After yet another adjournment in the Ibrahim Ali murder trial Wednesday, B.C. Supreme Court Judge Lance Bernard told the jury he is doing what he can to avoid delays.

Ali is on trial for first-degree murder in the death of a 13-year-old girl whose body was found in Burnaby's Central Park on July 19, 2017, less than two hours after her family reported her missing at about 11 p.m. on July 18, 2017.

Ali has pleaded not guilty.

The girl cannot be identified because of a publication ban.

Sexual assault expert Dr. Tracy Pickett was on the stand Tuesday morning, answering questions about injuries found on the young teen’s body, when the trial was adjourned until 2 p.m. the next day because Ali wasn’t feeling well.

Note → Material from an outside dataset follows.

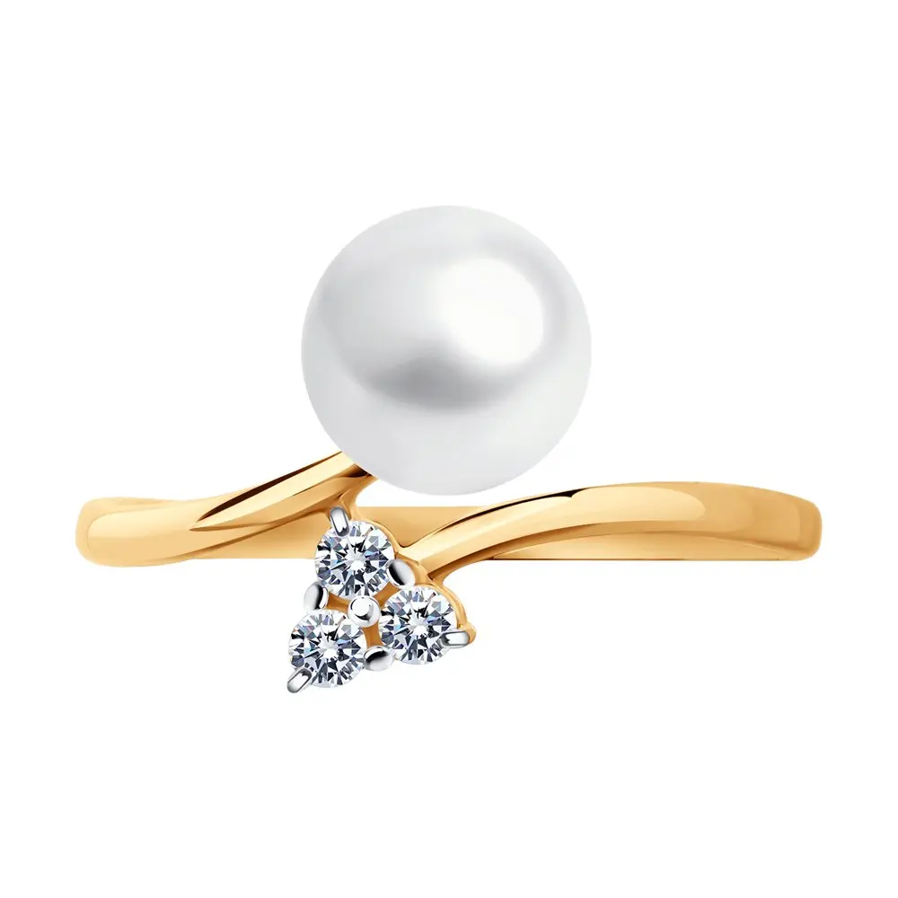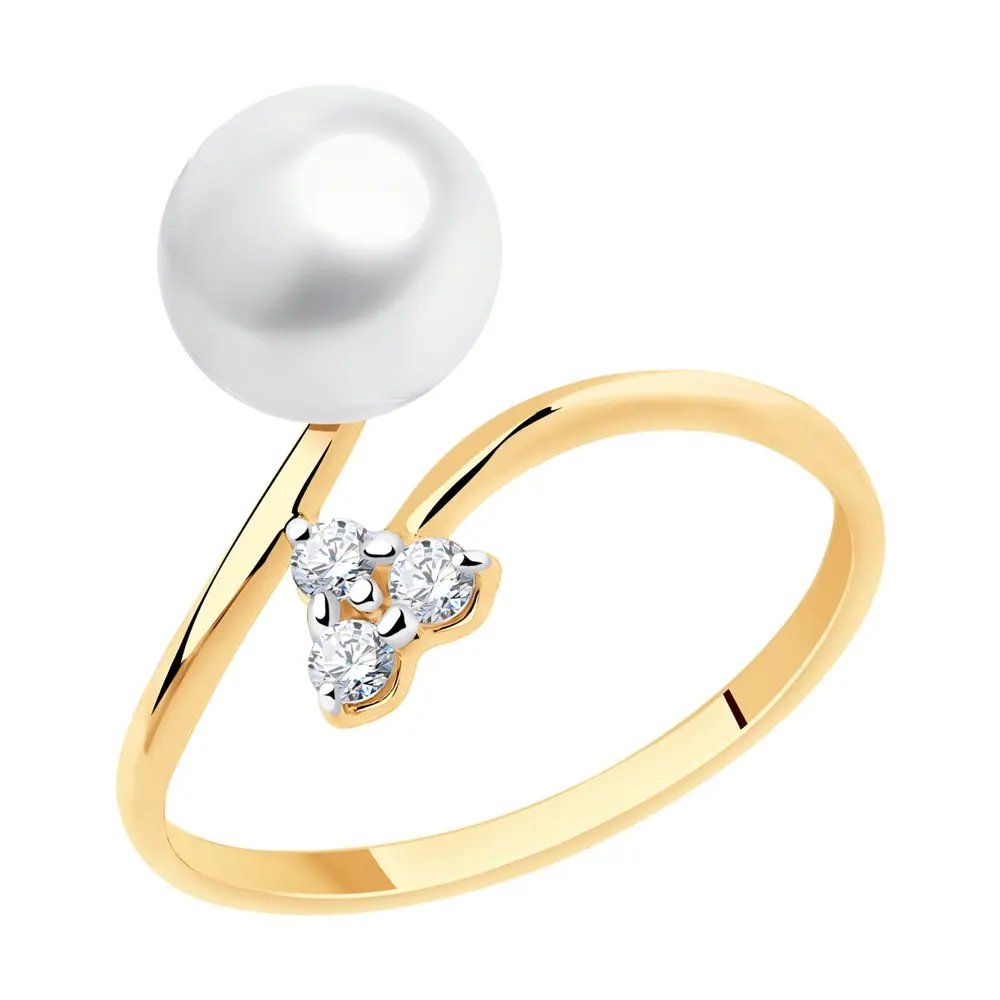 Кольцо SOKOLOV из золота с жемчугом и фианитами
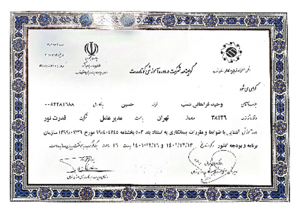 گواهینامه ها HSE-MS IMS ISO 9001:2015 ISO 14001:2015 ISO 45001:2018 Zota گواهینامه صلاحیت پیمانکاری گواهینامه آموزش عضویت انجمن صنفی گواهی عضویت گواهی عضویت گواهی عضویت اتاق بازرگانی پروانه کسب پروانه کسب

At about 3:20 p.m. Wednesday, the jury was called into court and told to return Thursday morning.

Bernard told them he had spent most of the afternoon “dealing with the matter at hand, which is that Mr. Ali isn’t feeling well enough to proceed.”

“I think we’ve resolved that question,” Bernard said. “I expect it’s going to be resolved to the point that this will no longer be an issue that should arise.”

He apologized for the delay but said “matters arise that are unpredictable.”

“I want you to be confident that I’m doing what I can to try and avoid these delays, but there is only so much I can do,” Bernard said.

The trial was originally scheduled to begin on April 5 and wrap up at the end of June but may now continue into December.